Perempuan Penjaga Tradisi di Kampung Adat Cireundeu
Warga Kampung Adat Cireundeu, Cimahi, teguh mempraktikkan tradisi, termasuk mengonsumsi singkong sebagai makanan pokok. Para perempuan mengambil peran penting.
Warga Kampung Adat Cireundeu, Cimahi, teguh mempraktikkan tradisi, termasuk mengonsumsi singkong sebagai makanan pokok. Para perempuan mengambil peran penting.
BandungBergerak.id - Setelah lebih dari dua tahun meringkuk dalam cengkeraman pandemi Covid-19, laku tradisi di Kampung Adat Cireundeu, Kota Cimahi, kembali berdenyut. Rangkaian perayaan Seren Tahun Saka Sunda 1956 digelar pada Agustus 2022 lalu. Beragam kesenian dipentaskan. Warga saling berkunjung dari satu rumah ke rumah lainnya, sembari tak lupa berbagi makanan dengan sesama.
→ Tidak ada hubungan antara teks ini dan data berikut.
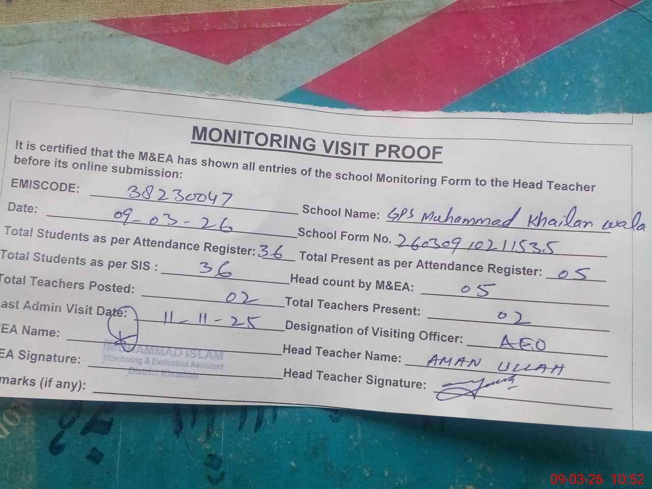 | Remarks (Use Separate Page if Required): AEO visited school on 11 November 2025 students strength on sis 36 students attendance register shows that most students left the school and daily presence is 5 to 7 students only whole school building is in dangerous condition | |||||

Singkong, makanan utama warga Kampung Adat Cireundeu yang diwariskan secara turun-temurun, ada di jantung tradisi ini. Juga, yang sering luput dari perhatian orang, penghormatan terhadap peran perempuan. Dalam proses ngajayat, ritual berjalan beriringan diawali dengan pemcahan kendi sebagai simbol penghormatan semacam ini.
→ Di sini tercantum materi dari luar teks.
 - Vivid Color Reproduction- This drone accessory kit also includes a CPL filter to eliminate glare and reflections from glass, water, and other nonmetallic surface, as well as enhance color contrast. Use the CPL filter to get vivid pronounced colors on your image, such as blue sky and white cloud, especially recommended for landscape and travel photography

Lewat ketelatenan dan keuletan perempuan, nilia-nilai tradisi Kampung Adat Cireundeu dijaga dan diwariskan ke generasi berikutnya sejak dari keluarga. Termasuk pembiasaan mengonsumsi singkong sebagai makanan pokok anak-anak yang pastilah tidak mudah. Apalagi di zaman modern yang menyediakan keleluasaan akses seperti sekarang.
“Biasanya ibu ambil singkong pas musim kemarau. Kalau ada matahari, kalau bagus, kalau panen teh. Kalau musim hujan, (singkong) gak kering-kering,” tutur Tati, salah seorang warga adat yang tinggal di Kampung Adat Cireundeu sejak 77 tahun lalu, Jumat (19/8/2022).
Sejarah mencatat, Kampung Adat Cireundeu diperkirakan sudah ada sejak abad ke-16 Masehi. Sebagian penduduknya memilih mengonsumsi singkong dibandingkan beras sejak 1918. Atau sudah lebih dari dari satu abad lampau. Dihadapkan pada kesulitan hidup di masa kolonial Hindia Belanda, warga berangsur beralih ke nasi singkong sebagai makanan pokoknya.
Proses peralihan malanan pokok ini tentu tidak mudah. Terlebih bagi anak-anak. Terciptalah tari ngayun untuk membuat mereka mau mengganti nasi beras dengan nasi singkong. Butuh waktu tak kurang dari enam tahun bagi masyarakat Cireundeu untuk sepenuhnya memulai tradisi baru ini.
Teu boga sawah asal boga pare.
Teu boga pare asal boga beas.
Teu boga bea asal nyangu.
Teu nyangu asal dahar.
Teu dahar asal kuat.
Pepatah ini terbukti ampuh sebagai obor semangat merawat tradisi Kampung Adat Cireundeu dari generasi ke generasi. Namun, setiap zaman memiliki tantangannya sendiri. Hari ini, pewarisan tradisi mengonsumsi singkong ke anak-anak kian pelik. Lagi-lagi, para perempuan Cireundeu memiliki peran penting. Tidak melulu tenggelam dalam urusan domestik, mereka dituntut untuk berdaya.
“Waktu itu ada yang ngasih pelatihan, mahasiswa S3, ngasih pelatihan bikin eggroll karena memang ibu-ibu di sini emang suka bikin kue. Itu juga gak langsung jadi enak. Awalnya melempem dulu. Dicobain aja terus sampai akhirnya bisa dijual gitu di sini,” ungkap Neneng, koordinator rumah produksi singkong di Kampung Adat Cireundeu.
Inovasi terus dilakukan, tapi pada saat yang sama, keteguhan pada tradisi tidak boleh ditinggalkan.